After years of being the common pick to finally break through and win the Stanley Cup, this was most definitely not the year.
Yet, here we are with the Capitals as one of the final two teams standing.
For their upcoming Stanley Cup Final, the Caps are the underdogs against the Las Vegas Golden Knights. The opening line from OddsShark has the Golden Knights as -135 money line favorites to win the Stanley Cup. The Capitals were listed as +115 underdogs.
Vegas (the betting entity, not the team) has not exactly been the most reliable this year though. After all, the Golden Knights were 100/1 odds to win the whole thing. Now they are four games away.
In their past two series, Washington was not the favorites.

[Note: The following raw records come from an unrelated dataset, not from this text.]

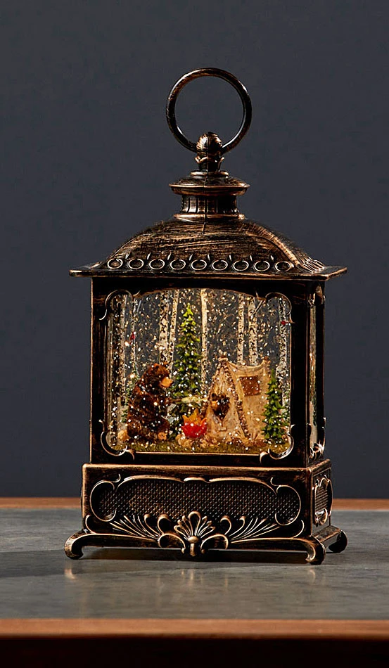 Bears at the campfire scene water lantern. A large bear cooking a fish over a campfire with a bear peaking out of the tent, in swirling glitter with evergreens, birch trees and cardinals in the background. When turned on a warm LED shines on the figurine and swirling glitter to gives our Campfire Christmas globe a whimsical look for the Christmas Holiday season.Â
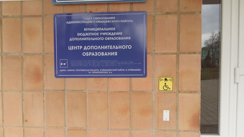 - на входе в здание – наименование учреждения по системе Брайля, тактильная кнопка вызова помощи;
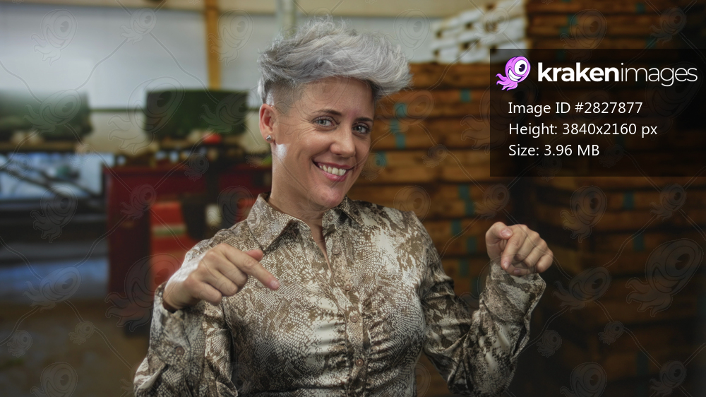 Woman in patterned shirt smiling and pointing fingers at wooden crates in warehouse; invitation focus emphasis engagement.
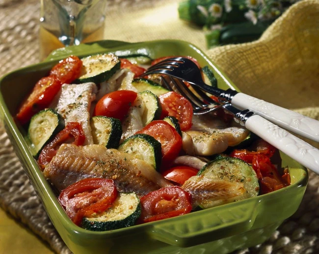 Peşte cu legume la cuptor
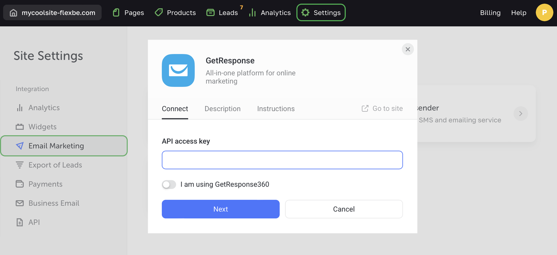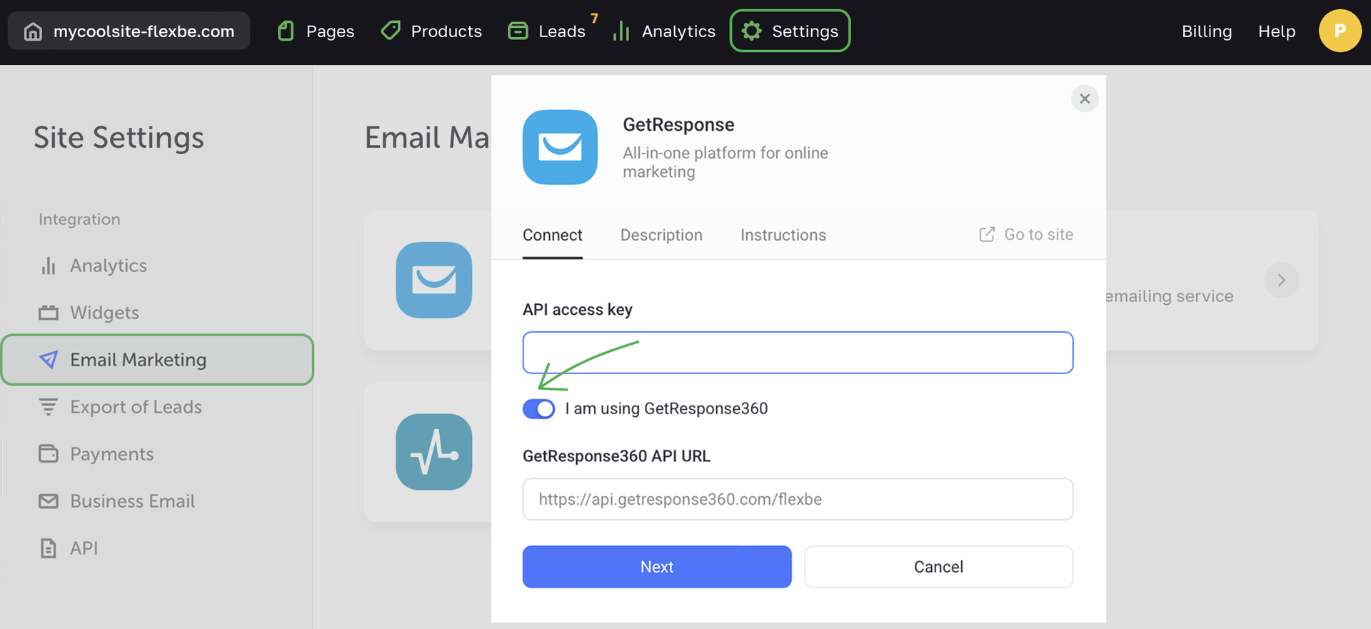 If you are on the Enterprise plan, then copy your API key to the GetResponse360 API URL field and click Next.
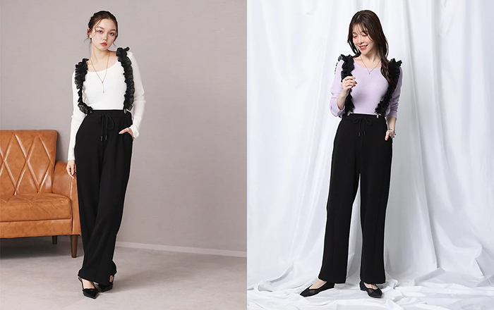 すとんと落ちるシルエットとの相乗効果で、スッキリとした美脚シルエットを叶えました。
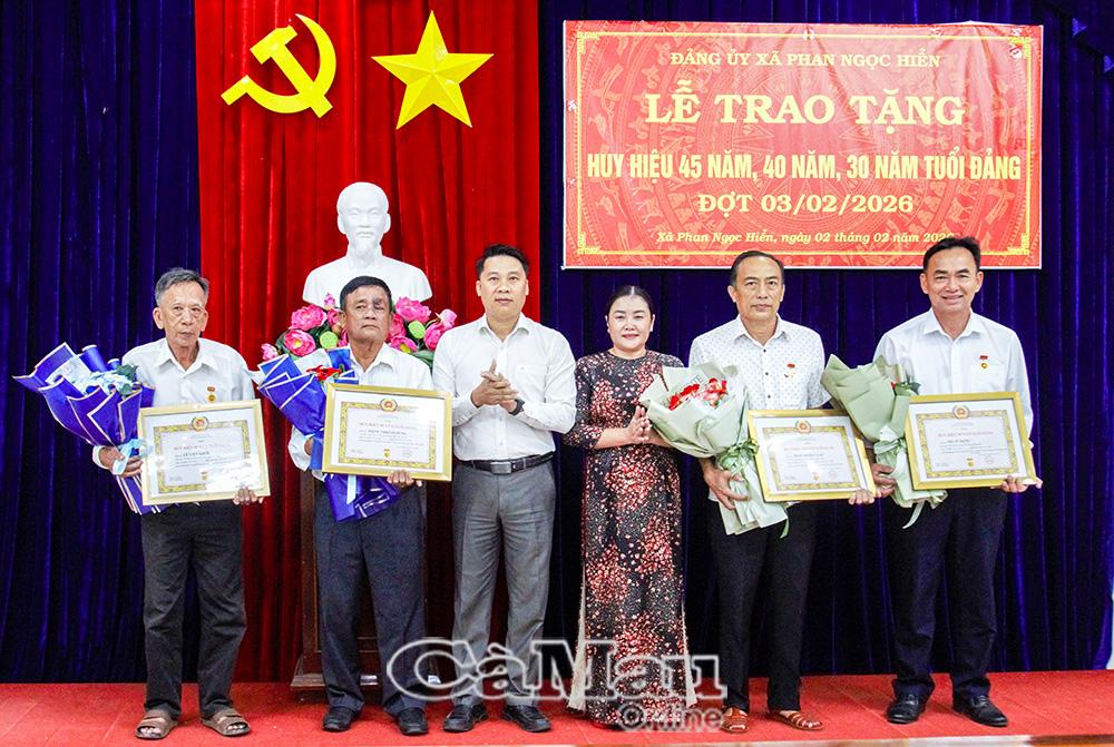 *Đợt này, xã Phan Ngọc Hiển có 4 đảng viên được trao Huy hiệu Đảng, gồm: Lê Việt Khởi (45 năm tuổi Đảng); Đặng Thanh Hùng (40 năm tuổi Đảng), cùng sinh hoạt tại Chi bộ ấp Nhưng Miên; Trần Hoàng Lạc (30 năm tuổi Đảng), Chi bộ ấp Tam Hiệp và Hồ Sỹ Hưng (30 năm tuổi Đảng), Chi bộ Trường THCS Bông Văn Dĩa. Các đồng chí đều là những đảng viên tiêu biểu, luôn giữ vững bản lĩnh chính trị, gương mẫu trong công tác và phong trào tại địa phương.
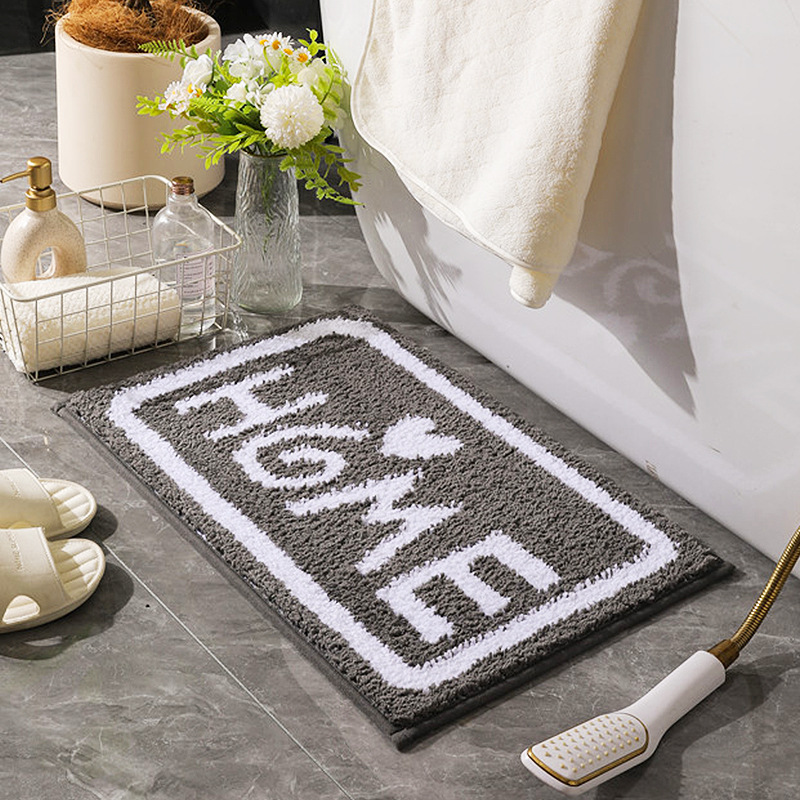 简约英文提花字母吸水地垫门垫家用植绒脚垫卫生间吸水防滑浴室垫
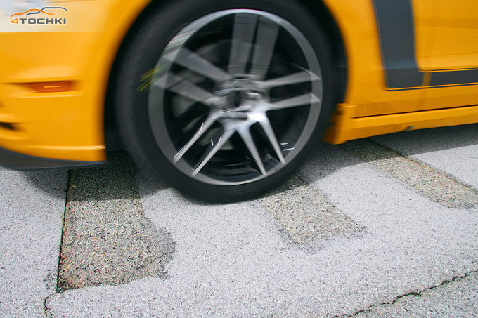 Впечатляет то, как «Босс» ведет себя на трассе, что в очередной раз подтверждает - для испытания спортивных шин на гоночном треке он является идеальным вариантом. Несмотря на в целом хорошие результаты комплекты автошин Bridgestone и Goodyear показали тенденцию к недостаточной поворачиваемости. Шины Hankook Ventus S1 Evo оказались очень быстрыми, за что и получили дополнительные баллы. Однако
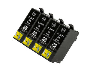 4 Compatible e34XL Black Ink Cartridges, For Epson 34XL, T3471, NONOEM
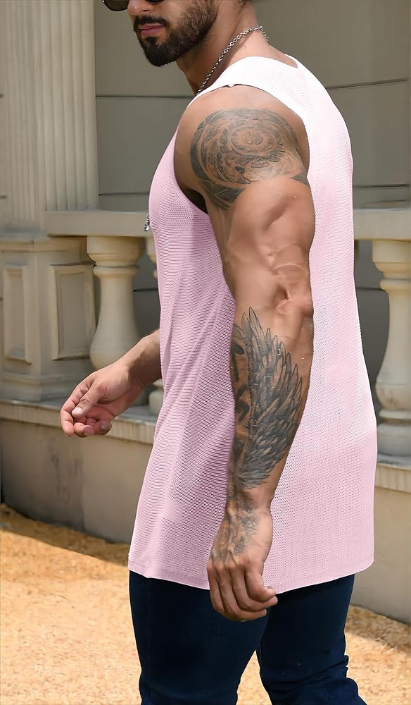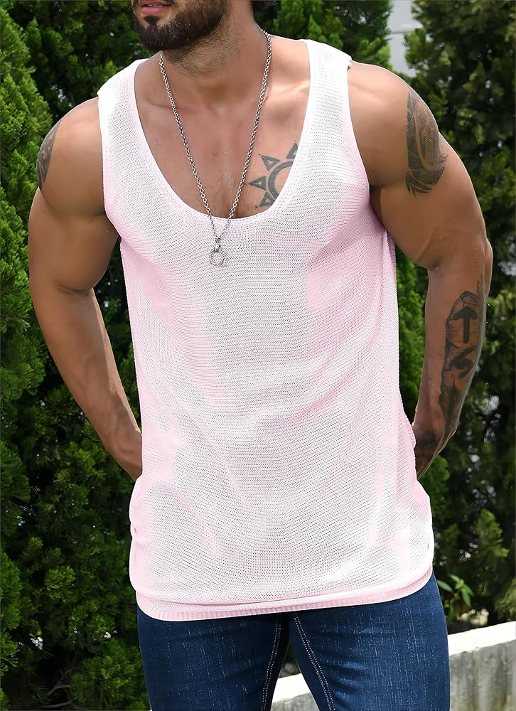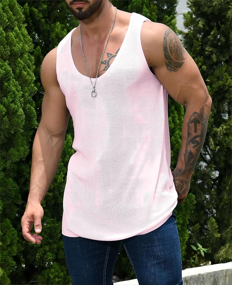 قميص رجالي شفاف بدون أكمام كاجوال بدون أكمام، بلوزات سترة شبكية للعضلات

The Capitals have not been favorites since the First Round against the Columbus Blue Jackets.
For years in the Alex Ovechkin era, they have been the favorites to not only go on to play for the Stanley Cup but winning it.
In 2018 they started the season tied for the fifth best odds to win the Cup (14/1), one of their lowest opening marks in the past decade. For the full perspective, Washington was tied with the Toronto Maple Leafs and behind the Dallas Stars at the start of the season.
Without question this underdog role has fit them quite well, they shouldn’t want anything to change heading into the biggest postseason series in 20 years for Washington D.C.